§ **Work order**:
From the line containing "Placa QR Code" through the last line of the entries below, transcribe each line exactly, excluding any picture.

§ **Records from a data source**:

--- START ---

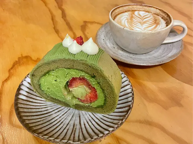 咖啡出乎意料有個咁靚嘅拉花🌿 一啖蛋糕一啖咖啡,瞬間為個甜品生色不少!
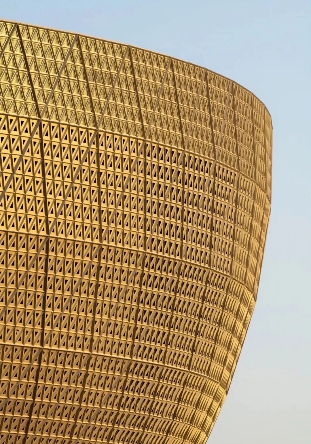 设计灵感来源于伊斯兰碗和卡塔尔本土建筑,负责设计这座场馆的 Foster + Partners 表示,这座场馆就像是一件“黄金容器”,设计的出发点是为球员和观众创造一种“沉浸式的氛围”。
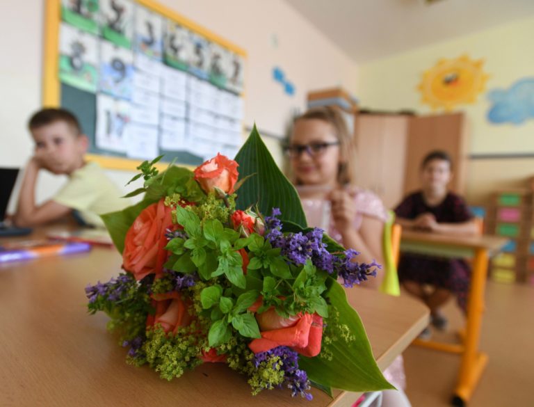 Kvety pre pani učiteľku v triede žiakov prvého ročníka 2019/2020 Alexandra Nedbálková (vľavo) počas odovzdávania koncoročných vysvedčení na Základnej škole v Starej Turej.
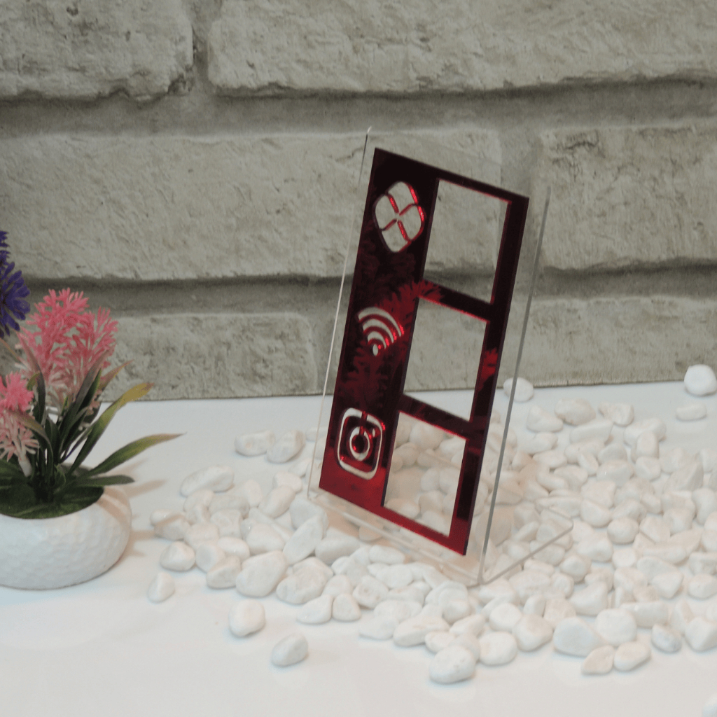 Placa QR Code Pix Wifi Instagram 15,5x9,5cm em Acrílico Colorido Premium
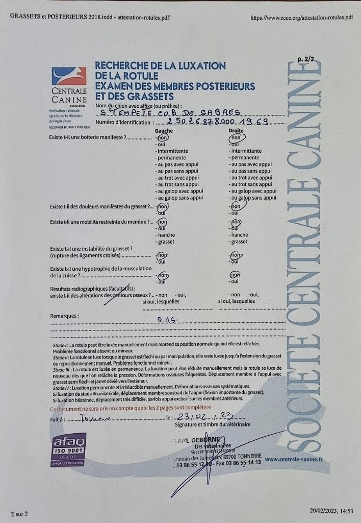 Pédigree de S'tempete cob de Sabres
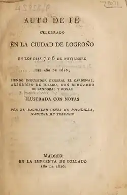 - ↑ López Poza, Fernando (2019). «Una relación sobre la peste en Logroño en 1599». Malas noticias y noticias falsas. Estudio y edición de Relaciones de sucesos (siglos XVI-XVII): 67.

--- END ---

§ **Result**:
 Placa QR Code Pix Wifi Instagram 15,5x9,5cm em Acrílico Colorido Premium
 Pédigree de S'tempete cob de Sabres
 - ↑ López Poza, Fernando (2019). «Una relación sobre la peste en Logroño en 1599». Malas noticias y noticias falsas. Estudio y edición de Relaciones de sucesos (siglos XVI-XVII): 67.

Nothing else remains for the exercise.